We were always a family of five. Maybe it was because I was the lonely, only child that grew up deep in the mountains. So I loved having my big, busy family. I was never a mom that wanted a mother’s day out, or daycare, or vacations without kids. I loved the chaos, the fighting, the lollipops stuck to my clothes. When the kids were small, once a week my parents would watch them while we went to dinner. We ended out spending the evening talking about the kids, wondering what they were doing, and picking up some little plastic toy for when we walked in. There was no better feeling than walking in the door and having three little bodies launch into our arms, explaining different tortures they had done to Mimi that night and wondering what goodies we had brought.

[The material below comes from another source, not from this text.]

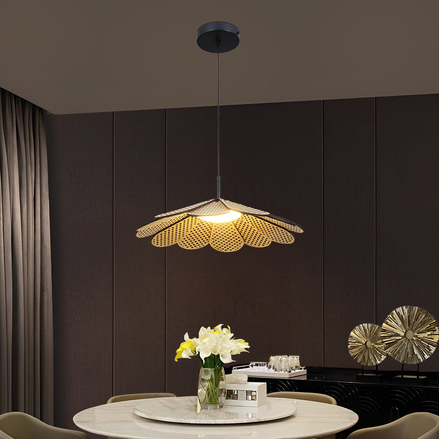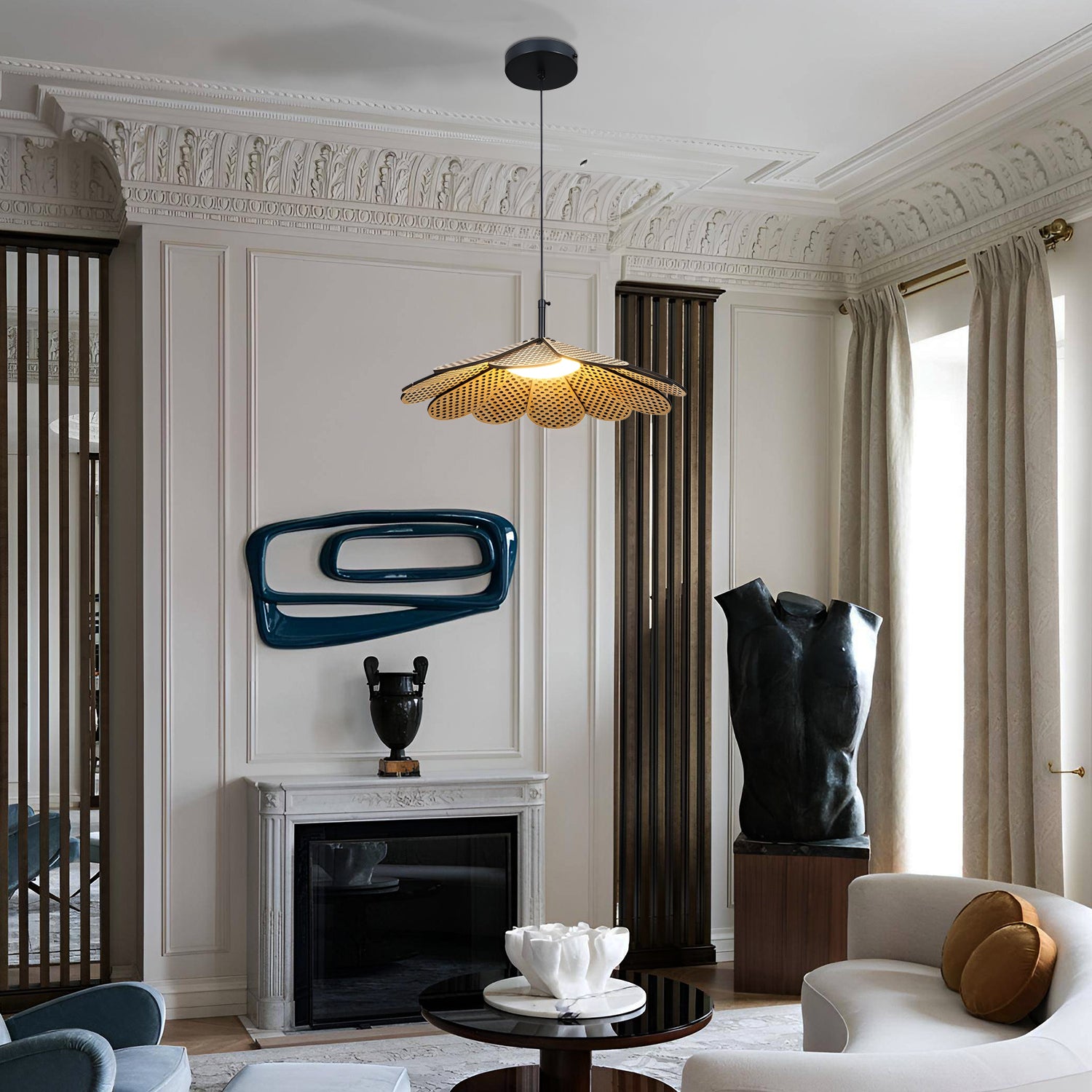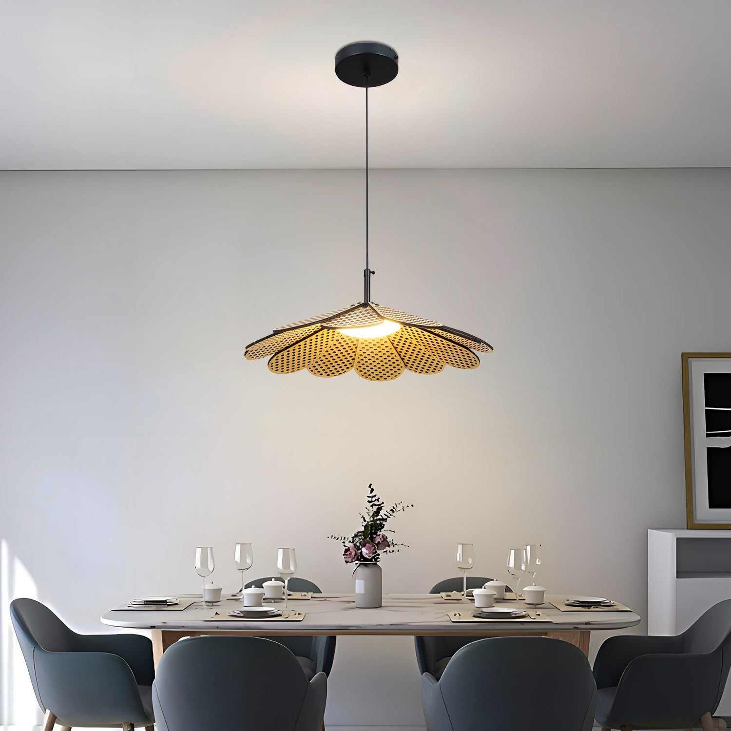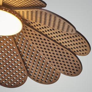 Discover the Hollyhock Pendant Light a testament to the beauty of craftsmanship and natural materials. Each lamp is a work of art, featuring a tiered array of delicately woven cane panels that cast a warm, ambient light, creating a serene and inviting atmosphere. The intricate patterns and organic textures bring a touch of nature indoors, perfect for enhancing the aesthetic of any living space. Suspended elegantly from a sleek cord, this lamp is a versatile addition to your decor, equally at home in a relaxed living area or gracing the space above your dining table. Illuminate your home with the soft, earthy tones of the Cane Array Pendant Lamp and embrace a sense of natural elegance.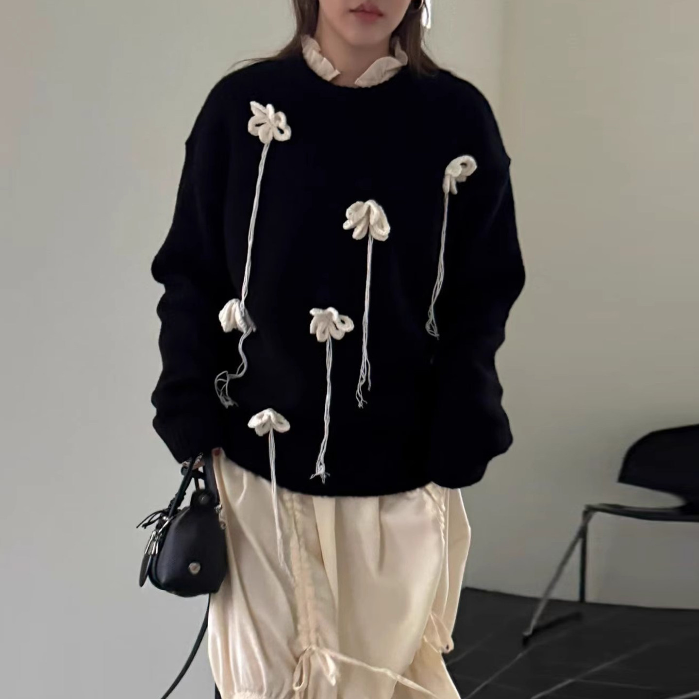 - 针织衫女套头刺绣长袖

Vacations were the same way. Five of us would squeeze in the car to drive for miles while fighting over the portable TV, fighting over who was taking up too much room in back, and hollering that they couldn’t wait one more mile for a bathroom. As I contemplated jumping out of a moving vehicle, I knew, in my heart, this was as good as it got.
So last week we had to go out of town. We thought we would take an extra few days and make a mini-vacation out of it. But my oldest couldn’t go. Realizing we are now in a time of grown children, we decided to go with just the four of us. My oldest said he would go with us next time.
The four of us piled in the car and headed out. But the car felt empty. Because we weren’t five, we didn’t need to pile stuff on the roof. Because we were four, no one got squeezed in the very back seat. And because we were four, our bathroom breaks were cut down by twenty percent. It felt downright wrong.
My younger son was forced to torture me because he missed his brother. For 400 miles, I was the one to take the twisted arms and pulled hair. My daughter got twice the remarks that she was ugly and dumb because he didn’t have his big brother to insult. And as she nursed her bruised ego and I nursed my sore arm, we all felt so empty without Charley.
We went to the beach for the day, but my son had no one to drown and no one to rub sand in their face. He tried it out on his sister, but it just wasn’t the same. She posed no threat of retaliation with bodily harm. She just hollered and then he had to deal with Dad. My husband retaliated with groundings and confiscated keys. Not the same as getting chased down the beach and having his face shoved in the sand. How we missed Charley.
Too sad with only four of us, we headed home a day early and couldn’t wait to see how we had been missed, too. I knew that we would enter the driveway to big hugs, a cake, a brass band, and the Mormon Tabernacle Choir.
We pulled in and noticed his truck was not there. Not to worry, I thought, he’s out getting the brass band. He had to have missed us, too. We unloaded the car, and still no Charley. Maybe he was out getting fireworks to herald our homecoming. We unpacked our stuff, ordered pizza, and went to bed. No Charley. I fell asleep on the couch waiting for the brass band who surely must have gotten lost and was playing for a mistaken family in Dogwood.
Around midnight a smiling son walked in the door, gave me a hug, and plopped down in the chair. I asked where he’d been. He said he and the girlfriend had gone to dinner, to a movie, hung out with friends. They had a good time. I stared at him. "Glad you missed me so much. Where is the brass band?"
Looking at me like I was crazy, he yawned, and headed to bed. I stared at the empty chai
r, and remembered the days of entering the house to squeals of delight. I guess time has passed and my children have grown tall and strong and independent. Isn’t that what I wanted to happen? But I still hear the echoes of the squeals. And I really would have liked the brass band.